• [SUPPLIED DATA]
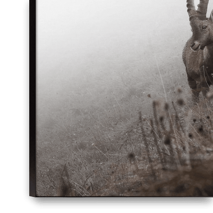 Buy this landscape artwork Young ibex in the mountains | wildlife photography | Switzerland by Laura Dijkslag on canvas, ArtFrame, poster and wallpaper, printed on demand in high quality.
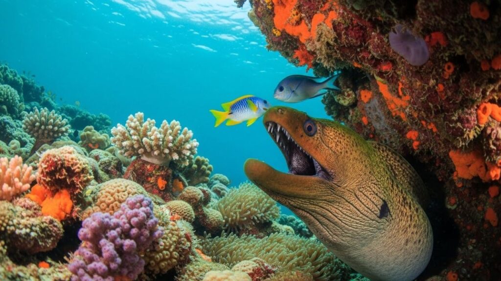 It is a master of tight spaces. It hunts by smell, sliding through cracks and crevices in the coral to find sleeping fish or octopus. Once it bites, it uses a terrifying hidden weapon. Inside its throat, it has a second set of jaws called pharyngeal jaws. These inner jaws shoot forward into the mouth, grab the prey, and pull it down into the stomach.
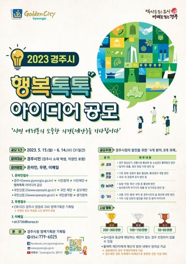 [제주교통복지신문 김강석 기자] 경주시가 시민들의 창의적인 아이디어를 시정 발전에 접목하고자 ‘2023 경주시 행복톡톡 아이디어 공모전’을 진행한다고 14일 밝혔다.
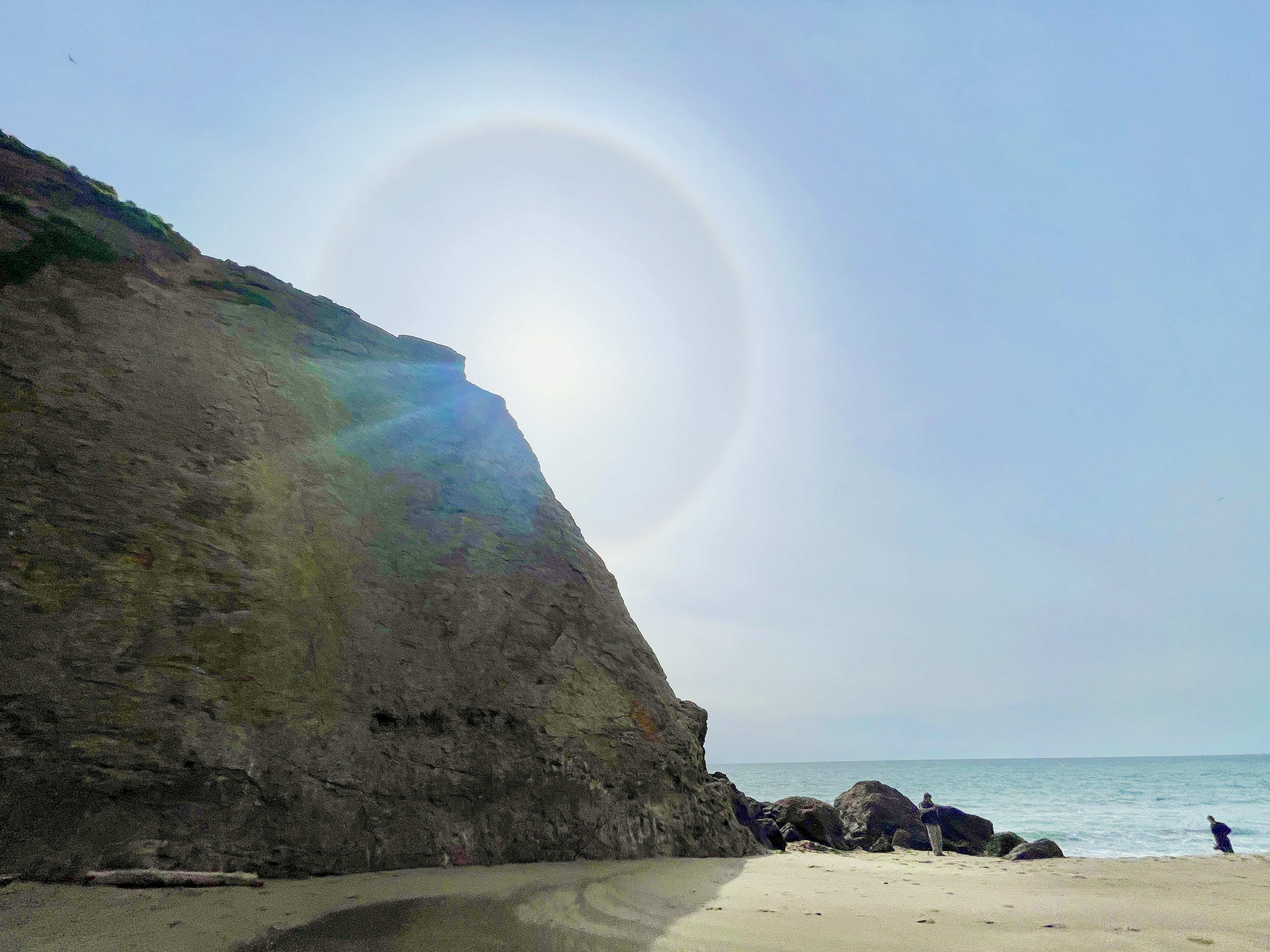 A sun halo was seen for an hour or so, which is an optical phenomenon caused by the sun refracting light through humid air, high in the atmosphere creating a prism rainbow in a complete circle around the sun.
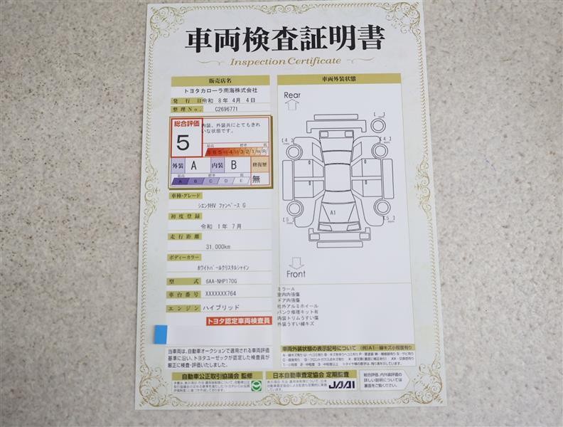 詳細及び現状の車両状態につきましては、店舗スタッフまでお尋ねください。 - 注2)上記と同様の評価点・状態表を「車両検査証明書」として店舗の展示車両に搭載しております。
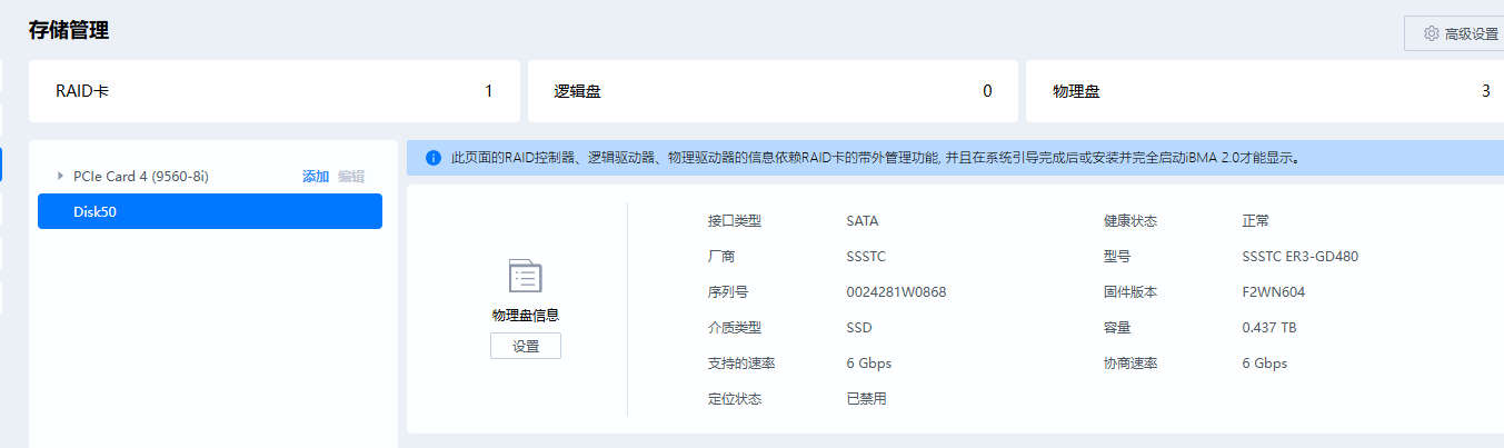 - 系统具备带外管理能力,依赖BMA 2.0展示RAID和硬盘信息
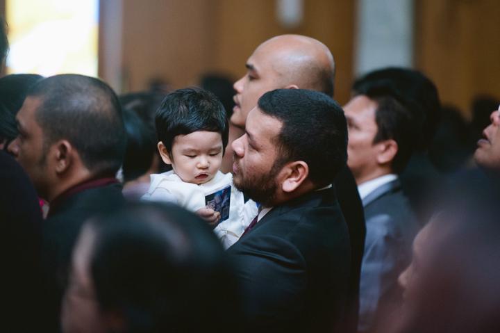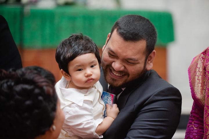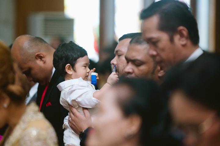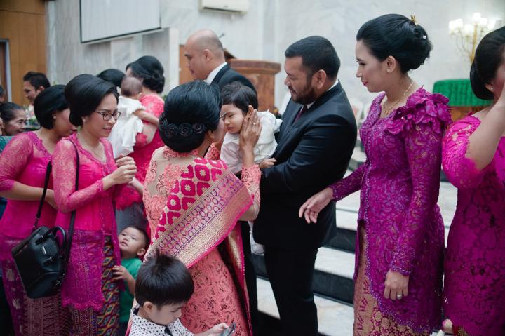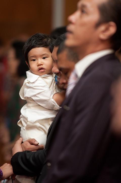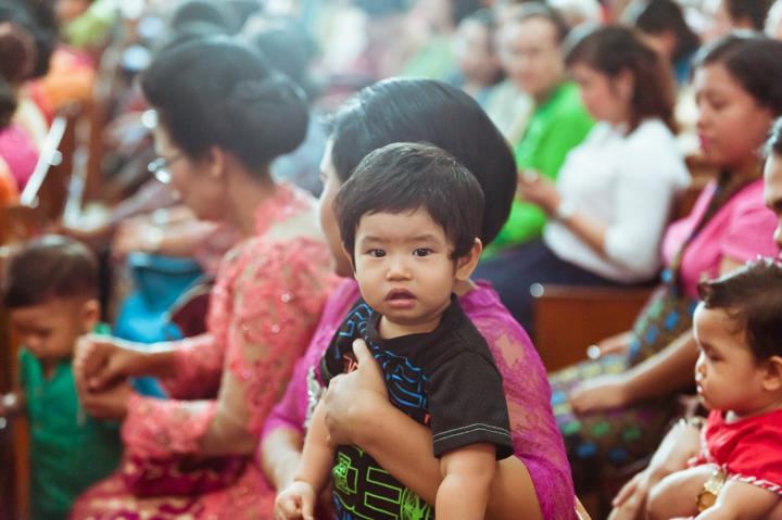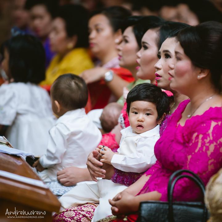 Joaquin, dalam setelan putihnya yang bersih, tampak begitu tenang saat prosesi berlangsung. Tatapan penuh kasih dari ayah dan ibunya, serta dukungan dari keluarga besar yang hadir, menciptakan atmosfir yang sarat akan makna spiritual. Sebagai fotografer, saya selalu tergerak oleh kemurnian ekspresi seorang bayi saat diperkenalkan kepada komunitas imannya. Setiap frame bukan hanya tentang menangkap upacara ceremonial, melainkan tentang mengabadikan janji keluarga untuk membimbing Joaquin dalam jalan kebenaran dan kasih.

• [REQUIRED ACTION] Copy out each line of the data exactly as it reads; skip the pictures.

• [SOLUTION]
 Buy this landscape artwork Young ibex in the mountains | wildlife photography | Switzerland by Laura Dijkslag on canvas, ArtFrame, poster and wallpaper, printed on demand in high quality.
 It is a master of tight spaces. It hunts by smell, sliding through cracks and crevices in the coral to find sleeping fish or octopus. Once it bites, it uses a terrifying hidden weapon. Inside its throat, it has a second set of jaws called pharyngeal jaws. These inner jaws shoot forward into the mouth, grab the prey, and pull it down into the stomach.
 [제주교통복지신문 김강석 기자] 경주시가 시민들의 창의적인 아이디어를 시정 발전에 접목하고자 ‘2023 경주시 행복톡톡 아이디어 공모전’을 진행한다고 14일 밝혔다.
 A sun halo was seen for an hour or so, which is an optical phenomenon caused by the sun refracting light through humid air, high in the atmosphere creating a prism rainbow in a complete circle around the sun.
 詳細及び現状の車両状態につきましては、店舗スタッフまでお尋ねください。 - 注2)上記と同様の評価点・状態表を「車両検査証明書」として店舗の展示車両に搭載しております。
 - 系统具备带外管理能力,依赖BMA 2.0展示RAID和硬盘信息
 Joaquin, dalam setelan putihnya yang bersih, tampak begitu tenang saat prosesi berlangsung. Tatapan penuh kasih dari ayah dan ibunya, serta dukungan dari keluarga besar yang hadir, menciptakan atmosfir yang sarat akan makna spiritual. Sebagai fotografer, saya selalu tergerak oleh kemurnian ekspresi seorang bayi saat diperkenalkan kepada komunitas imannya. Setiap frame bukan hanya tentang menangkap upacara ceremonial, melainkan tentang mengabadikan janji keluarga untuk membimbing Joaquin dalam jalan kebenaran dan kasih.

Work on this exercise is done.